*Dataset extract*:
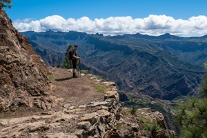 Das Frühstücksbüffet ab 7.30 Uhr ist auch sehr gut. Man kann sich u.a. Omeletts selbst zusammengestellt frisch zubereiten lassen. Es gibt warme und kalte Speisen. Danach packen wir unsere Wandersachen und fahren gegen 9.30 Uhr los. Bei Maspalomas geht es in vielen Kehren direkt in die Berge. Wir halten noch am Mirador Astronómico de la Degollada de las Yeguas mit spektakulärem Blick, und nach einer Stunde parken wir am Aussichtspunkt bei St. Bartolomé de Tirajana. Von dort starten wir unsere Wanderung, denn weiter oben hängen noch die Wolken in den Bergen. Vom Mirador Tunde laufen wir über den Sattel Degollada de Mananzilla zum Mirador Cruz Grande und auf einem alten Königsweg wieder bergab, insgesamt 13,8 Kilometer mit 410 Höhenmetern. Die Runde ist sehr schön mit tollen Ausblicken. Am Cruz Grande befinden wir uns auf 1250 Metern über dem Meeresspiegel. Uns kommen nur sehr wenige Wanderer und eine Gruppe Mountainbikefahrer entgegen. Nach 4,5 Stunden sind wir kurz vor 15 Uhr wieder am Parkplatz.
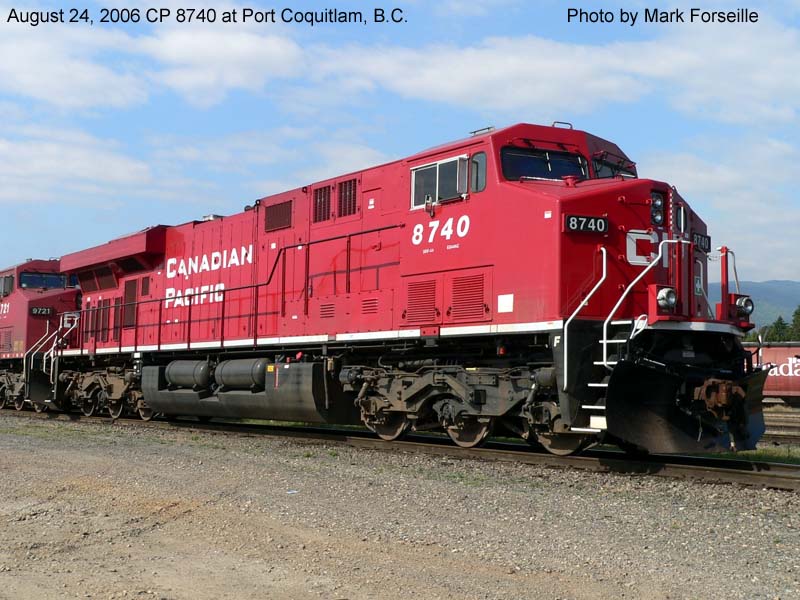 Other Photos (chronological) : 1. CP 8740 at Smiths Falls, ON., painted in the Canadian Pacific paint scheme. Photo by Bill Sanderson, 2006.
--
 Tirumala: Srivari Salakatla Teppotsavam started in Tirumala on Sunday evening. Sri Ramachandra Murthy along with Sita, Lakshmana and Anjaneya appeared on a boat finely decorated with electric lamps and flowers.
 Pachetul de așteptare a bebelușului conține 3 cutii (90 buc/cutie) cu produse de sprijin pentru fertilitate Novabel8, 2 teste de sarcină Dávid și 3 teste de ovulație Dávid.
* * *
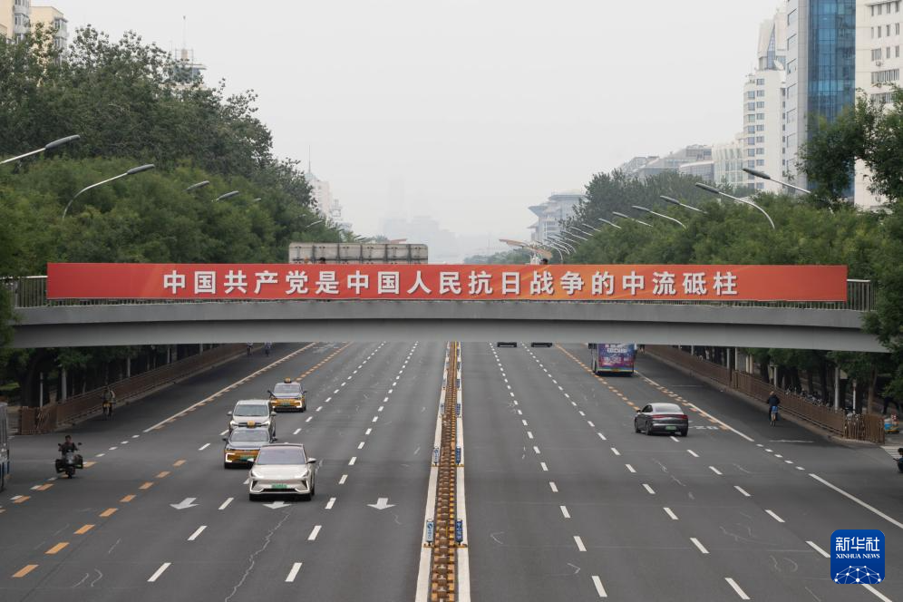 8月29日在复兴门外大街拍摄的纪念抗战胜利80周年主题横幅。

*Exercise*: All that belongs in the answer is the run of lines above from the line containing "Tirumala: Srivari Salakatla" through the line containing "Pachetul de așteptare", exactly as written.

*Expected answer*:
 Tirumala: Srivari Salakatla Teppotsavam started in Tirumala on Sunday evening. Sri Ramachandra Murthy along with Sita, Lakshmana and Anjaneya appeared on a boat finely decorated with electric lamps and flowers.
 Pachetul de așteptare a bebelușului conține 3 cutii (90 buc/cutie) cu produse de sprijin pentru fertilitate Novabel8, 2 teste de sarcină Dávid și 3 teste de ovulație Dávid.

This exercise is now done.